Adobe Fixes Bugs, Adds JavaScript Whitelisting to Reader, Acrobat

Adobe fixed multiple security vulnerabilities in both Reader and Acrobat 9 and X for Mac OS X and Windows. The company also added a new JavaScript whitelisting feature.

Adobe fixed six critical vulnerabilities in its Reader and Acrobat software, including the two zero-day flaws in its 3D rendering technology identified last month.

The latest update affects Adobe Reader and Acrobat X for Windows and all versions on the Mac OS X, Adobe said in its security bulletin released Jan. 10. Adobe fixed three memory corruption vulnerabilities and one heap corruption vulnerability that could lead to malicious code execution in Adobe Reader and Acrobat 10.1.2 and 9.5. Adobe also included the Adobe Flash Player update from November in this month's release.

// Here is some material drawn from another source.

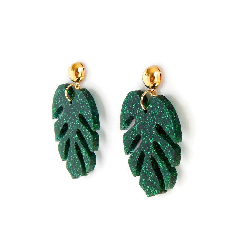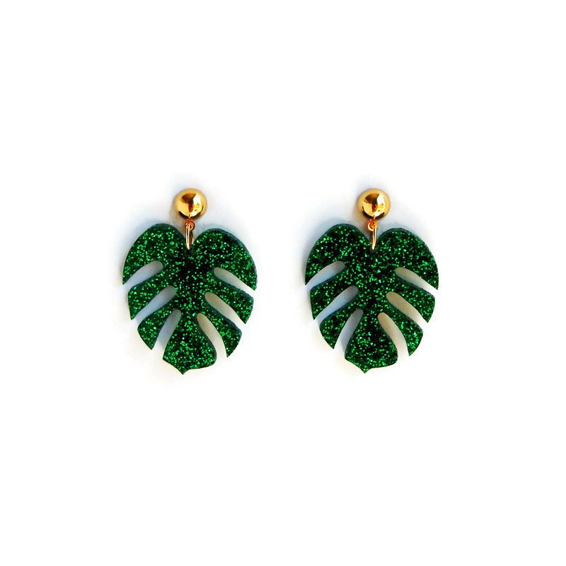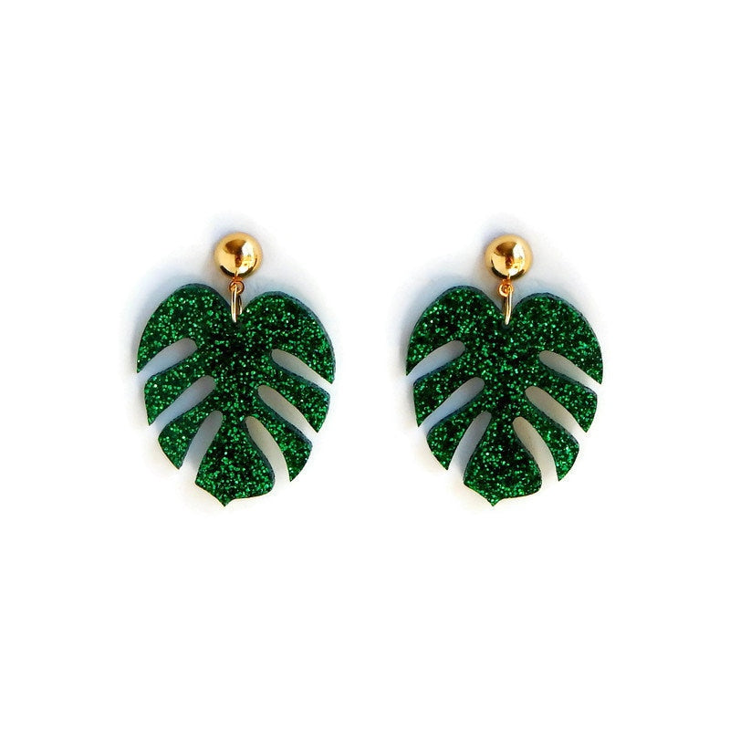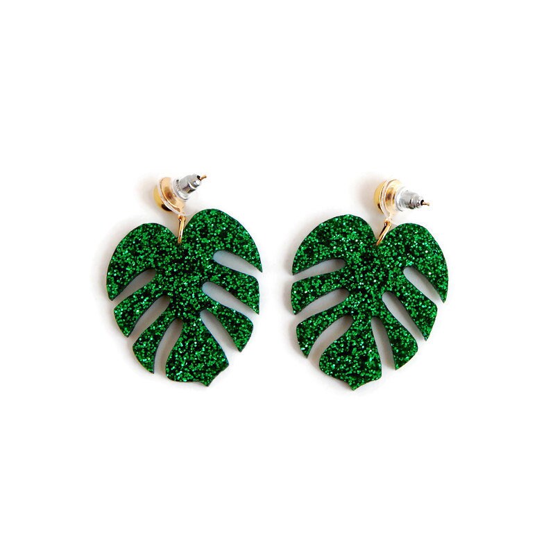 These tropical and sparkly monstera leaf earrings are perfect for summer. Made of lightweight glitter acrylic, these tropical palm leaf earrings will add lots of sparkle and tropical flair to your wardrobe. Studs measure 8mm in diameter and come in your choice of gold or silver color. Earrings measure approximately 55 mm from top of stud to bottom of leaf and 35 mm at widest point of leaf.

Adobe fixed the memory corruption vulnerabilities in U3D and PRC components that were discovered by Lockheed Martin's computer incident response team last month. The company had issued a security bulletin warning users of the PDF-based attack, but said attackers were only targeting Acrobat and Reader 9 on Windows.

"These vulnerabilities could cause the application to crash and potentially allow an attacker to take control of the affected system," Adobe said in its advisory.

While the company released an emergency patch for Reader and Acrobat 9 for Windows in December, the fix for Reader and Acrobat X on Windows and for all versions on the Mac OS X and Linux platforms was delayed to January's scheduled quarterly update because the enhanced security features provided by the code sandbox in Acrobat and Reader X successfully blocked execution of the attack code in malicious PDF documents.

Reader and Acrobat X users should check to make sure the security measures are enabled by checking the "Security (enhanced)" section under the program's preferences menu. The "Enable Enhanced Security" option should be checked, according to Adobe.

Adobe also added a new feature in Reader and Acrobat that gives administrators the ability to control whether or not to execute JavaScript code embedded in PDF files, Priyank Choudhury, a security researcher with the Adobe Secure Software Engineering Team, wrote on the ASSET blog. Considering most PDF-based attacks use embedded malicious JavaScript code in one way or other, disabling JavaScript across the board would help prevent these types of attacks from succeeding. However, it causes problems for organizations with "workflows that rely on forms and JavaScript," Choudhury said.

The new JavaScript whitelisting capability allows administrators to identify trusted documents in which JavaScript can be executed and disabling it for all other PDF documents, according to Choudhury. The decision on whether to trust the document is based on the file's Privileged Location value. Administrators will be able to add new trusted locations, if necessary.

The JavaScript lockdown control allows administrators to block all JavaScript execution, except when embedded in trusted documents. It also prevents users from manually enabling JavaScript from the user preferences menu, according to Choudhury.

Adobe's update coincided with Microsoft's Patch Tuesday, and Oracle is scheduled to have its quarterly update on Jan. 17. Combined with the emergency patches released by Adobe and Microsoft last month, January will be a "busy patching month" for IT administrators, said Jim Walter, manager of the McAfee Threat Intelligence Service at McAfee Labs.

The next quarterly update for Adobe Reader and Acrobat is scheduled for April 10.